Anđelo Srzentić

Personal information
- Date of birth: 25 August 1990 (age 34)
- Place of birth: Zadar, SR Croatia, SFR Yugoslavia
- Position(s): Midfielder

Senior career*
- Years: Team / Apps / (Gls)
- 2008–2009: Zadar / 2 / (0)
- 2010–2011: Velebit
- 2011–2012: Raštane
- 2012: Toronto Croatia / 21 / (8)
- 2013–2014: NK Dragovoljac Poličnik
- 2014–2015: SV Röchling Völklingen / 14 / (5)
- 2016–2017: SC Hauenstein / 21 / (4)
- 2017–2021: SV Rülzheim / 66 / (29)
- 2021–2022: SV Viktoria Herxheim / 3 / (3)

= Anđelo Srzentić =

Croatian footballer (born 1990)

Anđelo Srzentić (born 25 January 1990) is a Croatian footballer who most recently played as a midfielder for German amateur side SV Viktoria Herxheim.

== Career ==
Srzentić began his career in 2008 with NK Zadar in the Croatian First Football League. Following his stint in the Croatian top tier he played in the Croatian Third Football League with NK Velebit, and NK Raštane. In 2012, he went overseas to Canada to play with Toronto Croatia in the Canadian Soccer League. In his debut season, he helped Croatia clinch the First Division title. He contributed a goal in a 4–0 victory over rivals the Serbian White Eagles in the semi-finals. He was featured in the CSL Championship final against Montreal Impact Academy, and won the match 1–0.

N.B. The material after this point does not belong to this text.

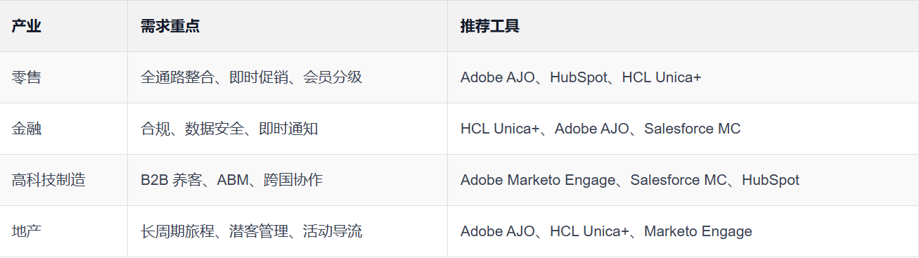 这张图表能帮助企业快速对应产业需求与工具特点,避免因盲目跟风而导入不适合的解决方案。
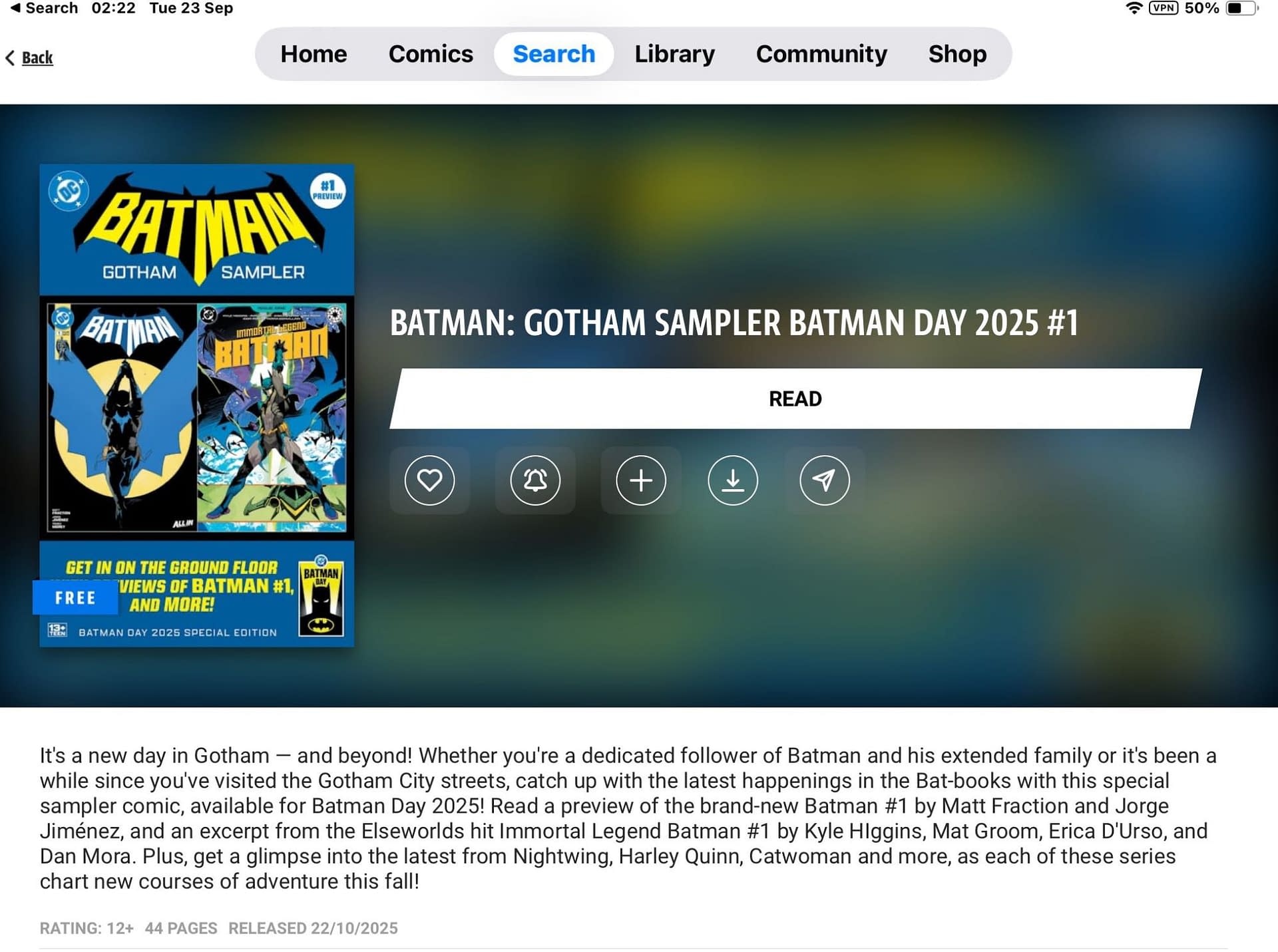 Well, now, too late for Batman Day, the Gotham Sampler is available digitally to those who have access, with less Red Hood and more Immortal Batman. The digital listing with a publication date of 22nd of October, 2025 might suggest that comic book stores will get a replacement version of the Gotham Sampler – or that it's just a typo.

He returned to Croatia in 2013 to play with NK Dragovoljac Poličnik in the First County Football League. The following year he played abroad in Germany to play with SV Röchling Völklingen in the Oberliga Rheinland-Pfalz/Saar. In 2015, he signed with SC Hauenstein, where on 21 August 2016 he scored a goal against Bayer Leverkusen in a 2–1 defeat in the 2016–17 DFB-Pokal. After a season with Hauenstein, he signed a contract with SV Rülzheim.

In 2021, he signed with SV Viktoria Herxheim in the Landesliga.